→ INSTRUCTIONS TO FOLLOW: Begin at the line below that has "윤 기자가 취재...". Stop after the line that has "Технические характеристики Клемма", repeating each line exactly and leaving out the pictures.

→ RECORDED INFORMATION:
=======

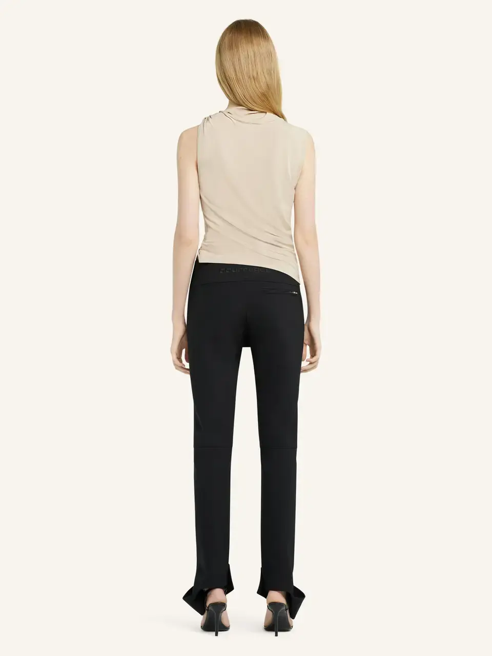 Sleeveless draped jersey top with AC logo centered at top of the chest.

=======

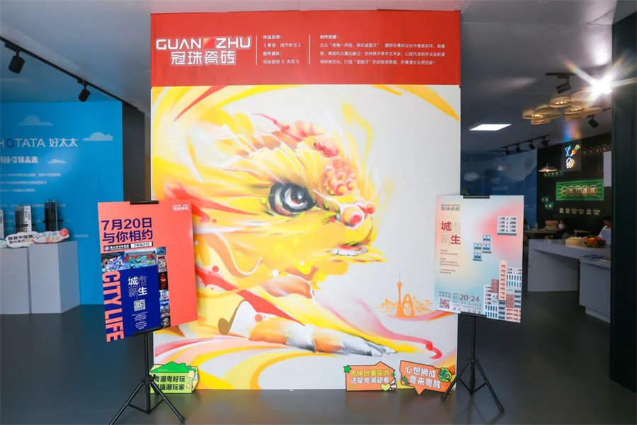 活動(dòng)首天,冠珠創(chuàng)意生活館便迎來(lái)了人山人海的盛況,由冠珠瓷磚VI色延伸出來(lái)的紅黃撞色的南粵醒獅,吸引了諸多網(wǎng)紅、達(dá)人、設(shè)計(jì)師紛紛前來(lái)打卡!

=======

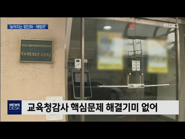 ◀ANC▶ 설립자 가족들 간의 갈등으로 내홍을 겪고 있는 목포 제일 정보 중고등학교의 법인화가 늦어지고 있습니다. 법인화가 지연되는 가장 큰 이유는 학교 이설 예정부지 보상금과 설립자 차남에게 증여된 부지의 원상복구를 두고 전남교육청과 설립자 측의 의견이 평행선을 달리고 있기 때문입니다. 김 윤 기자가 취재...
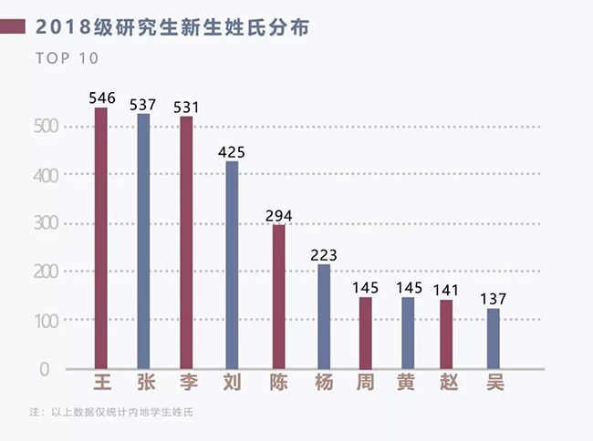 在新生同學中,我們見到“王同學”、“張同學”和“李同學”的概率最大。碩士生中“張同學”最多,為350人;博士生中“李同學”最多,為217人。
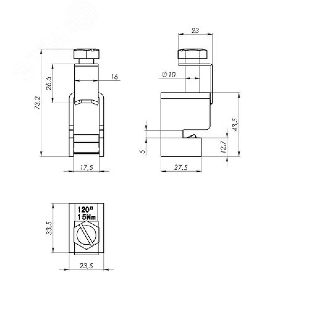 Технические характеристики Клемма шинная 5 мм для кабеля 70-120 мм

=======

→ SOLUTION FOR THIS PROBLEM:
 ◀ANC▶ 설립자 가족들 간의 갈등으로 내홍을 겪고 있는 목포 제일 정보 중고등학교의 법인화가 늦어지고 있습니다. 법인화가 지연되는 가장 큰 이유는 학교 이설 예정부지 보상금과 설립자 차남에게 증여된 부지의 원상복구를 두고 전남교육청과 설립자 측의 의견이 평행선을 달리고 있기 때문입니다. 김 윤 기자가 취재...
 在新生同學中,我們見到“王同學”、“張同學”和“李同學”的概率最大。碩士生中“張同學”最多,為350人;博士生中“李同學”最多,為217人。
 Технические характеристики Клемма шинная 5 мм для кабеля 70-120 мм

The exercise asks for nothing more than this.